I saw Ron for the last time this summer a month before he died. In spite of the obvious toll the cancer was taking on him, Ron had just come in from installing bathroom tile. We sat there over lunch telling newspaper war stories from old times, cackling like schoolboys. I shall miss him terribly, my veritable older brother, unstoppable and irrepressible to the end. And still showing me the way.

Join me in honoring Ron by contributing to a scholarship fund in his name. The Ron Paris Prize will be awarded to an outstanding N.C. student specializing in community journalism. Checks should be made out to The School of Journalism and Mass Communication, the Ron Paris Fund, and sent to Jock Lauterer, 213 Carroll Hall, campus box 3365, UNC-CH. Chapel Hill, N.C. 27599-3365

6 Responses to “Remembering Ron Paris: the Little Giant of Community Journalism”

  1. Abbe Byers

    Wonderful tribute to Ron. Love the pictures from long ago. He is missed by many.
    Warmest regards,
    Abbe Byers

  2. Roger Hamrick

    Jock,

    Though “Peanut” no more, I remember the days when walking into the This Week office would elicit a call of that nickname from either Bill or Ron, and I cannot help but smile. The three of you were important adults in my life during those high school years, and I have never forgotten the quality community journalism represented by your paper. I am proud (though not “too” proud lest ego should get in the way) of having provided some small service during those years, occasionally getting to profread while chuckling about the “Smoke here noly” sign by your darkroom.

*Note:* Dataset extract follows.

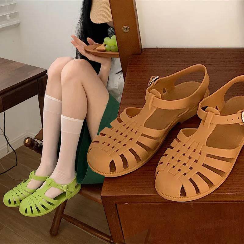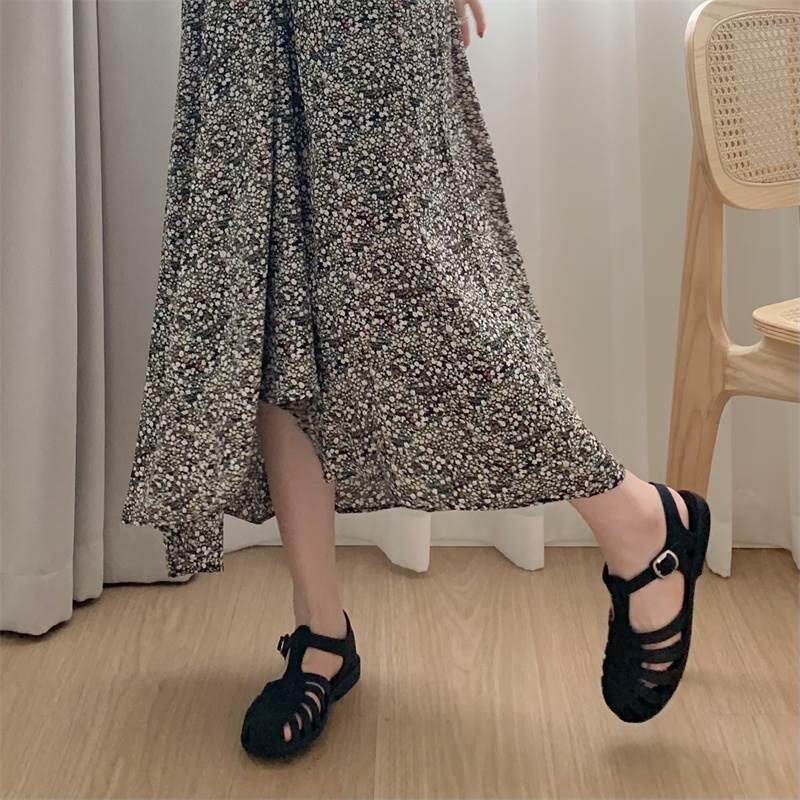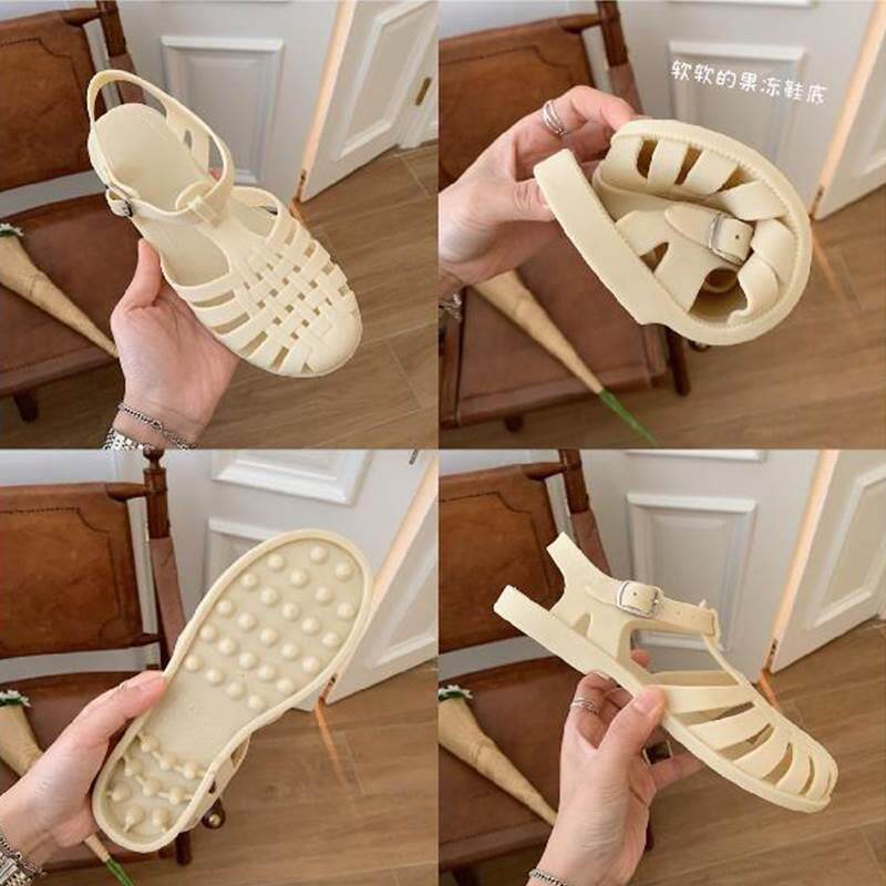 ins韩版复古编织镂空罗马平底果冻鞋女士包头沙滩鞋时尚防滑凉鞋

    I am sorry to hear of Ron’s passing away, and would not have known except for the link I found while web surfing this evening. The three of you were, from my adolescent perspective, the best of friends, the best of co-workers, and the relationship each of you had with one another is what I have wanted all of my professional life as a teacher.

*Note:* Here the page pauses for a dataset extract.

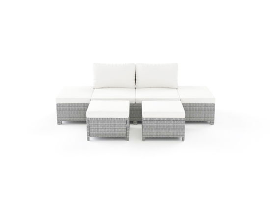 Les meubles d'extérieur confortables possèdent un cadre stable en aluminium ainsi qu'un revêtement en résine tressée gris City. Les coussins d'assise et de dossier sont de couleur blanche. L'ensemble est modulable : la chaise longue ou le canapé 3 places peuvent être utilisés comme canapé 2 places avec des surfaces de rangement latérales. Les poufs ne sont pas rembourrés et peuvent également servir de table basse. Un pouf supplémentaire est livré avec un plateau en verre et peut être utilisé comme plateau de table si nécessaire.

    Thank you and Ron and the rest of the Forest City crew for all that you did for the community in which we lived, the people whose lives you were a part of, and for helping those of us who were young then to see that there was life both in and beyond the cotton gin towns in which we lived.

    Regards,

    Roger

  3. Stretch Ledford

    A wonderful remembrance of the good ole days when a newspaper was a newspaper and when 24 hour talking cable heads didn’t exist. I love the “Bears” memo as well as the vision of the two of you on a tandem bike in a construction zone. Thank you for sharing this.

  4. Marilyn Arnold

    Dear Sir/Madam:

    Looking for a Ronald Paris, Journalist, son of Sheena Cochrane and David Paris, of Dundee area of Scotland. Was this the right Ron Paris? If so, would like to communicate with his relatives. I am a relative on the POWRIE side of the family (Ron’s grandmother was Isobella Bruce POWRIE).

    Thank you.

    Marilyn Arnold

  5. buy axe

    Ron Paris’ story is inspiring. I want to be a good journalist like he was. I want to be known by my colleagues like you did him.

  6. admin

    Dear All,
    The LIttle Giant may be dead, but he will live forever in the hearts, minds, eyes and notepads of folk like you…and me, for sure, who will always carry bit of Romey Parrish inside our community journalist’s soul. Make it so, Number One.